The driving aesthetic of military style is uniformity. Whence the word uniform. From first inspection to Arlington National Cemetery, soldiers look like those around them: same hat, same boots, identical white grave marker. They are discouraged from looking unique, because that would encourage them to feel unique, to feel like an individual. The problem with individuals is that they think for themselves and of themselves, rather than for and of their unit. They’re the lone goldfish on the old Pepperidge Farm bags, swimming the other way. They’re a problem.
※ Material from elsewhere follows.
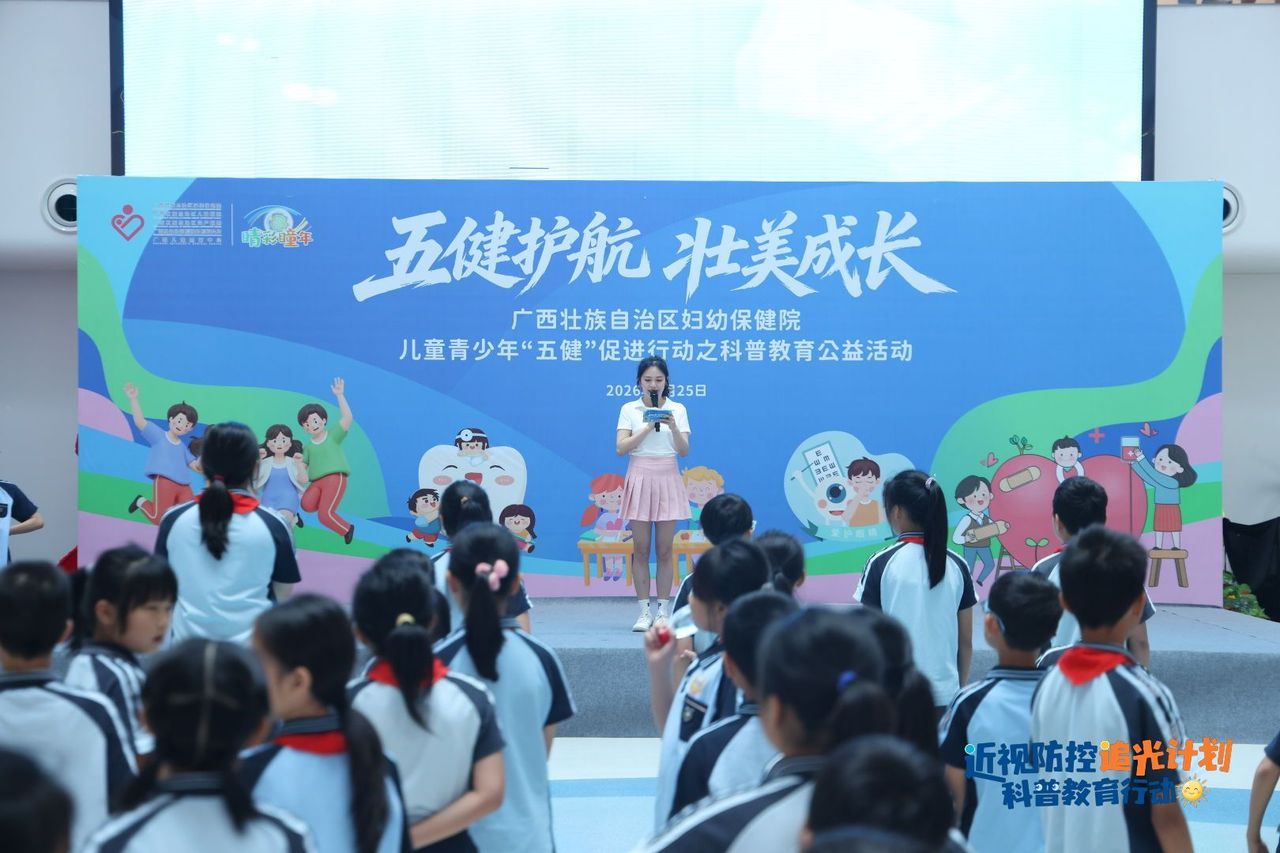 4月25日上午,由广西妇幼保健院(广西儿童医疗中心)主办的“‘五健’护航 壮美成长”科普教育公益活动在广西儿童医疗中心学术报告厅举行,其间同步举办近视防控追光行动。

“You’re more of an engineer than a designer,” says LaFleur of her work. She got her start designing swimwear. It is a more logical transition than it might at first seem. A bathing suit requires expertise with high-performance active-wear fabrics and an understanding of the specialized activity they’re needed for. Ditto, say, a concealable body armor vest. LaFleur’s colleague Dalila Fernandez came to Natick from the now-defunct Priscilla of Boston, purveyors of high-end wedding dresses. Same thing here: A wedding gown entails multilayering of expensive specialty fabrics for an outfit whose useful lifespan may come and go in a single afternoon. Much like a bomb suit. Form follows function—although admittedly more so here than in most studios. Only a military clothing designer’s portfolio would include a mitten that accommodates a lone forefinger in firing position.**

In an Army gone increasingly high-tech, the modern military uniform is less an outfit than a system. It’s a holder of gizmos and gear and the ammunition and batteries that go in that gear. Back before hulking body armor and gear-festooned vests supplied the intimidating profile, the clothing itself was sometimes recruited for the task. High hats and epaulettes made officers appear taller and more broad-shouldered. And the boots. The boots. Dashing knee-high leather boots protected the pant legs, yes, but surely they also boosted morale. Uniforms created not just uniformity but brio and self-confidence. They were crisp, flattering, finished with piping and grosgrain and tassels. They were, to quote Annette LaFleur, “very couture.”

The current combat uniform, with its sensible emphasis on hot-weather comfort, is worn loose and untucked. It doesn’t say “ready to kill” so much as it says “ready for bed.” Still, clothing remains an important Army morale issue. The ACU used to be unisex, but women complained. The shoulders and waist were too wide for many women, or the hips too narrow. The knee patches tended to hit at the shins. Women hated it. They hated it enough that the Army commissioned a female uniform.